Task directions: Pictures are to be left out. Return exactly the lines below from the one with "AdjustHyperlinksOfShapes 매크로를 실행하세요." up to and including the one with "- Sprinkle the".

Available data:
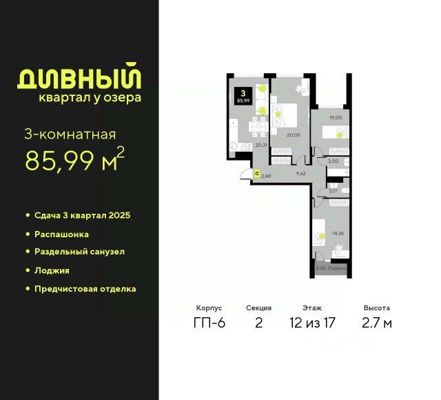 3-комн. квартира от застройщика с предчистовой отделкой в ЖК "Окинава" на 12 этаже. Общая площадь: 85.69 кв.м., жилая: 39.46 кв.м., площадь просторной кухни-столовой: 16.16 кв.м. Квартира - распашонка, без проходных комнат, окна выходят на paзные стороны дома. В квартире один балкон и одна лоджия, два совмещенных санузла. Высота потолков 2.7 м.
---
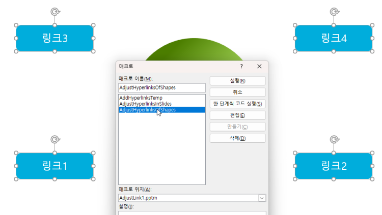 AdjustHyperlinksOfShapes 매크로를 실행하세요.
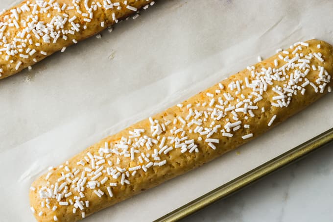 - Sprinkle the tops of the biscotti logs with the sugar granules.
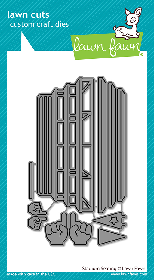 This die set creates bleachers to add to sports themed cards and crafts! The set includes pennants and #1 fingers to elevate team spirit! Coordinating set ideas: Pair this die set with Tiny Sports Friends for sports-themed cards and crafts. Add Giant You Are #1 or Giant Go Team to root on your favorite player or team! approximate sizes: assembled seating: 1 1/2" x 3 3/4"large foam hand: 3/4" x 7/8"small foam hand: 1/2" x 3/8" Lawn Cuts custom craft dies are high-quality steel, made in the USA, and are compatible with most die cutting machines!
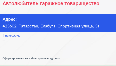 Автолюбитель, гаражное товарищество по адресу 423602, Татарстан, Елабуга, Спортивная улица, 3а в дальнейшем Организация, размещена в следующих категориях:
---
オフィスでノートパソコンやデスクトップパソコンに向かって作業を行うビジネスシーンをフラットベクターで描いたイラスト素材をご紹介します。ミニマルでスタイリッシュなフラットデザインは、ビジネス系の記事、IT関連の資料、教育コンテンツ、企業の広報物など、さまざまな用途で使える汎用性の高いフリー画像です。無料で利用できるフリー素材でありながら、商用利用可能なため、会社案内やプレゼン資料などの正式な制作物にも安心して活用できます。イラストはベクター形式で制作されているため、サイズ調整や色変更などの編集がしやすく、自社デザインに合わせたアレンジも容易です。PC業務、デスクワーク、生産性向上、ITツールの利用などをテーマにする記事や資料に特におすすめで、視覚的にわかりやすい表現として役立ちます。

Solution to this problem:
 AdjustHyperlinksOfShapes 매크로를 실행하세요.
 - Sprinkle the tops of the biscotti logs with the sugar granules.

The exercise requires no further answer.